= John Rosen =

Canadian criminal defence lawyer

John Rosen is a Canadian criminal defence lawyer, who has defended murder trials in Ontario, and perhaps the most in Canadian history. He has defended some notorious criminals in Canadian history, including Paul Bernardo, Pat and Angelo Musitano, Min Chen, Paul Volpe, Johnny Papalia, Carmen Barillaro and Pietro Scarcella. He is a partner in the Toronto law firm of Rosen Naster LLP.

== Early life ==

John Rosen's grandparents immigrated to Toronto from Poland in the early 1900s.

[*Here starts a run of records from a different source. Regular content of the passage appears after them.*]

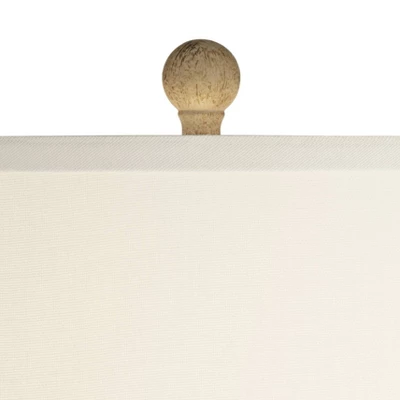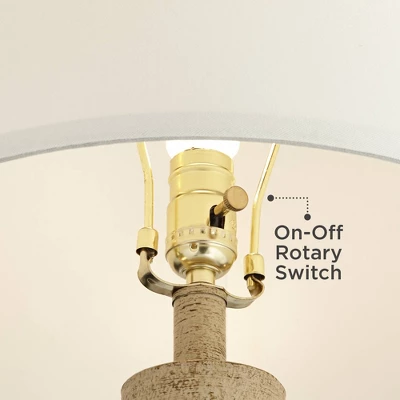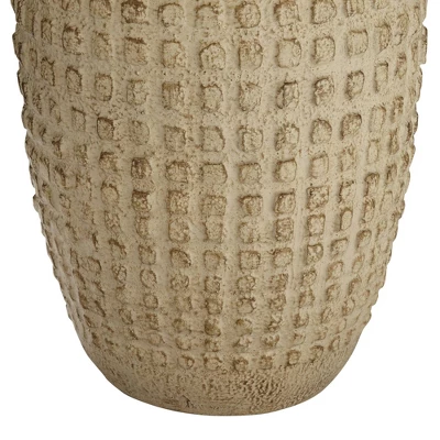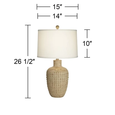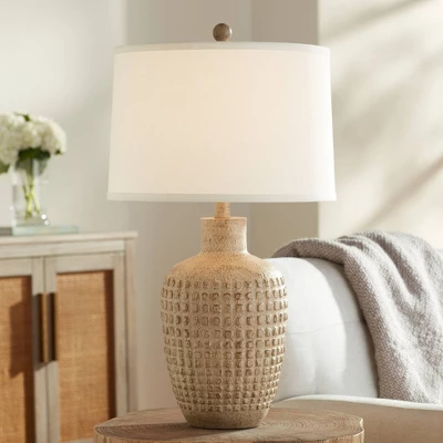 Add a bit of organic cool to your decor with this jar profile table lamp design. From the 360 Lighting brand, the lamp features a textured base with a decorative pattern crafted from cast resin material. The faux terra cotta finish on the base blends with the off-white tapered lamp shade up top.
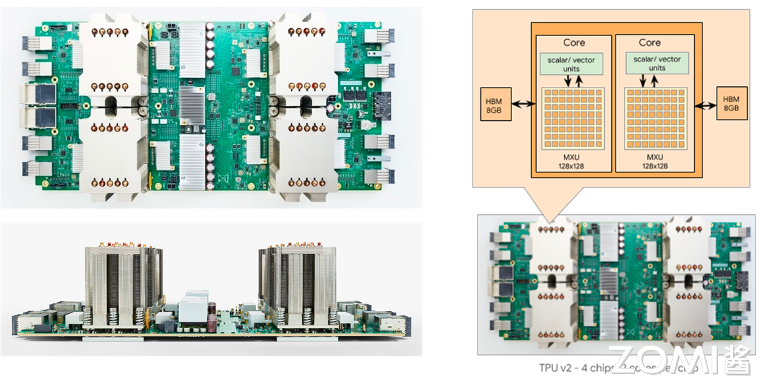 TPUv2 | 2017 年 | 180TFlops(浮点计算能力) + 64GB(HBM) | 数据中心训练和推理 |
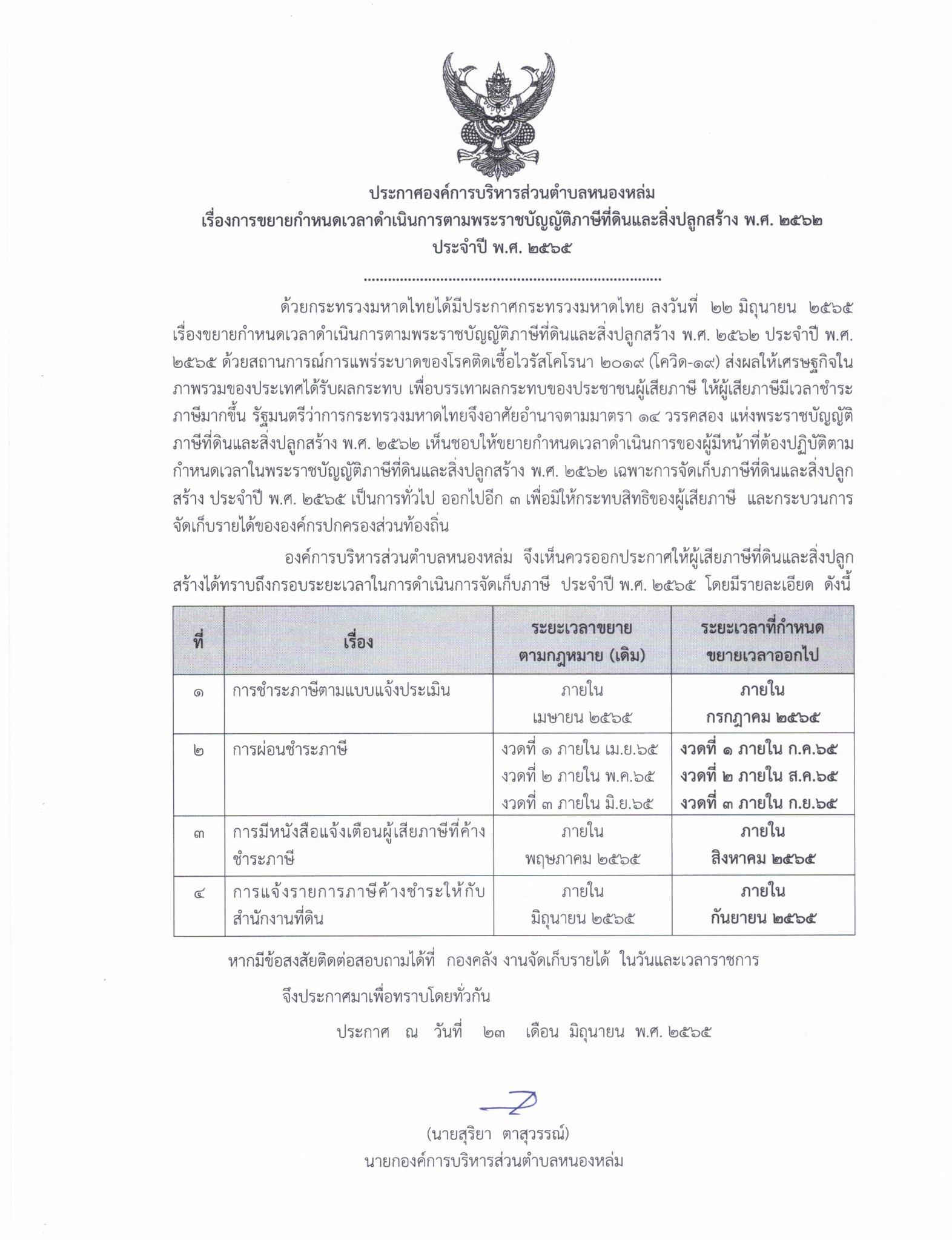 ประกาศขยายระยะเวลาชำระภาษีที่ดินและสิ่งปลูกสร้าง ประจำปี 2565 0 Share FacebookTwitterEmailFacebook MessengerLINE

He is the eldest of six children, whom his father supported with his Bay Street dry-cleaning shop, Imperial Cleaners, across from the Toronto Coach Terminal. At age 16, Rosen began driving the dry-cleaning delivery truck after school.

==Professional career==
Rosen received his LL.B. from Osgoode Hall Law School in 1968. He was called to the Bar of Ontario in 1970. He is a member of a number of professional associations, including the Advocates Society, the Criminal Lawyers' Association, the National Association of Criminal Defense Lawyers in the US, and Canadian and American Bar Associations.

Rosen is well known for the notoriety of the accused criminals he defends. He is also known for the ruthlessness of his defence of persons accused of odious crimes. In one case, he was criticized for making a murder victim seem like a criminal.

Rosen successfully defended a man charged with second degree murder, where the prosecution withdrew the charge on the eve of trial following Rosen's appearance in the Supreme Court of Canada in the related case of Benson v. Brown, which set the ground rules for allowing access to lawyer/client confidential information regarding another suspect previously cleared by the police.

== High-Profile Cases ==

Among Rosen's high-profile cases were:

- Paul Bernardo, infamous Canadian serial killer and rapist.
- Defence of Pietro Scarcella, charged in the 2004 shooting of a Vaughan sandwich shop that left Louise Russo paralyzed.
- Min Chen, a Chinese visa student at the time, was found guilt of the kidnapping and murder of nine year-old Cecilia Zhang.
- Defence of Chuang Li, an ex-employee charged with stabbing 4 former co-workers.